Where is the mistake in this "proof" of the inconsistency of ZFC?

Solution 1:

The issue is there's no way to write $\varphi_n(x)$ uniformly in ZFC via a single formula $\phi(n,x)$. If you wanted a way to enumerate the unary formulas of $L_\in$ in ZFC then they won't be in the representation you want here, rather they'd be in the form of Godel numbering. Then if ZFC could prove the schema $\mathsf{Prov}(\lceil\varphi_n\rceil)\to\varphi_n$ for each $n$ then it would indeed be inconsistent. This all holds for far weaker than ZFC as well.

Solution 2:

As others have suggested, the key is to think about how we would actually go about writing down the predicate $\psi(x)$ in $L_\in$. It is not as straightforward as you make it out to be. For instance, if $\varphi_0$ is $x=x$ and $\varphi_1$ is $\forall y(y\in x),$ we would want $\varphi_0(0)$ to be $0=0$ and $\varphi_1(1)$ to be $\forall y(y\in 1).$ It is clear that these aren't just two instances of some formula $\psi(x)$ with $0$ and $1$ plugged in for $x$, respectively. You have confused the "$n$" in $\varphi_n$ with the integer in the formal theory. Really, this $n$ is from an enumeration we have created on the outside (i.e. in the metatheory), talking about the language, not in it.

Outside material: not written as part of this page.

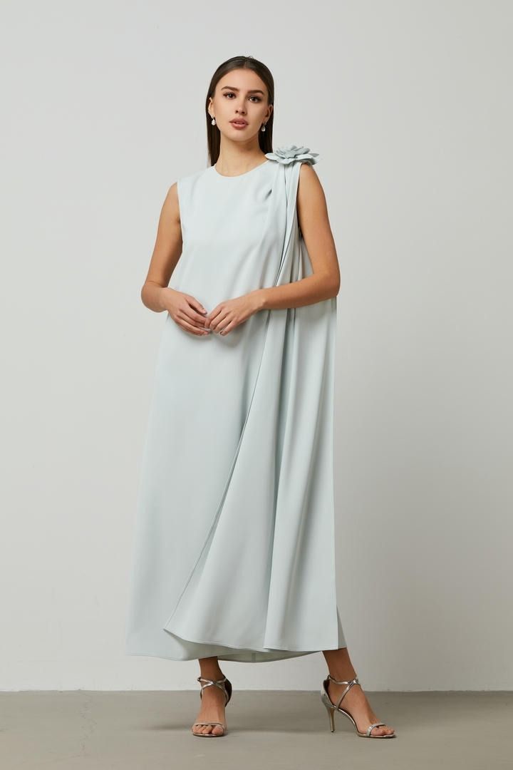 فستان أنيق من الكريب بتصميم وشاح مميز وأكمام غير متماثلة. يتميز بياقة دائرية وانسيابية رائعة، مع زخرفة زهرية راقية على الكتف تضيف لمسة أنثوية جذابة. مزيج مثالي من الرقي والبساطة.

So the best you can hope for is to write something equivalent within $L_\in,$ through formalization of syntax (i.e. coding formulas as sets). You can certainly formalize and enumerate the one-variable formulas of $L_\in,$ and you can also formalize the operation of substituting of a set parameter for a variable. So far so good, but to finish, you need to write down a sentence that means "$k\in\omega$ and $\varphi_k(k) $ does not hold."

It's the "$\varphi_k(k)$ does not hold" part that is problematic. It requires that you have a truth predicate that will take a code for a sentence and tell you if it holds or not. In fact, another way of looking at what you've written is as a proof that this truth predicate cannot be expressed in $L_\in$. This is a version of Tarski's theorem.

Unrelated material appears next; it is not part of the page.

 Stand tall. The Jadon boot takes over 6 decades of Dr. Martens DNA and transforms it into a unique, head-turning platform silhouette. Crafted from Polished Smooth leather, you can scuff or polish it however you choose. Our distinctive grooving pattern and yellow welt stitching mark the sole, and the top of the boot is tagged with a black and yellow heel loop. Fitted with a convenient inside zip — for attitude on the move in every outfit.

Edit: In line with what others have pointed out, Tarski’s theorem is not particular to set theory. In fact, your fake proof only uses one small aspect of ZFC: that it can represent numbers. So it could just as well be a fake proof of the inconsistency of PA. Turning this fake inconsistency proof into a real proof of Tarski’s theorem just requires some formalization of syntax, as I outlined, and a closer look will show you that you don’t need to express or prove very much about arithmetic to make it work.

Solution 3:

"ZFC" is a red herring. $ \def\eq{\Leftrightarrow} \def\nn{\mathbb{N}} $

Take any first-order theory $S$, and any $2$-parameter sentence $P$ over $S$. Let $Q(x) :\equiv \neg P(x,x)$. Then $Q$ is a $1$-parameter sentence and $S$ trivially proves "$\forall y \exists z ( \neg Q(z) \eq P(y,z) )$". Now observe that if $S$ has a countable language and also has a countable set $T$ of provably distinct terms, then all $1$-parameter sentences over $S$ can be enumerated and put in bijection with the interpretation of $T$ in any model of $S$. However, the above fact shows that no $2$-parameter sentence over $S$ can capture any such enumeration, despite $T$ appearing to provide sufficiently many objects!

For example, no $2$-parameter sentence $P$ over PA represents (in the above sense) an enumeration of all $1$-parameter sentences $X$ over PA, despite there being a concrete bijection between the terms $N = \{``$1$", ``$1+1$", ``$1+1+1$", \cdots \}$ and $X$. Furthermore, there is a computable bijection $r$ from $N$ to $X$, and hence we can in fact explicitly construct a $2$-parameter sentence $R$ over PA such that for every $t \in N$ and $Q \in X$ we have that $\text{PA} \vdash R(c(t),c(Q))$ if $r(t) = Q$ and $\text{PA} \vdash \neg R(c(t),c(Q))$ if $r(t) \ne Q$. What we do not have is a $2$-parameter sentence over PA that attains the truth values of an enumeration of $X$.

I call this phenomenon a syntactic version of Cantor's theorem, because Cantor's theorem says there is no countable enumeration of functions from $\nn$ to booleans, and here we have proven that there is no 'syntactic' enumeration of predicates over $S$.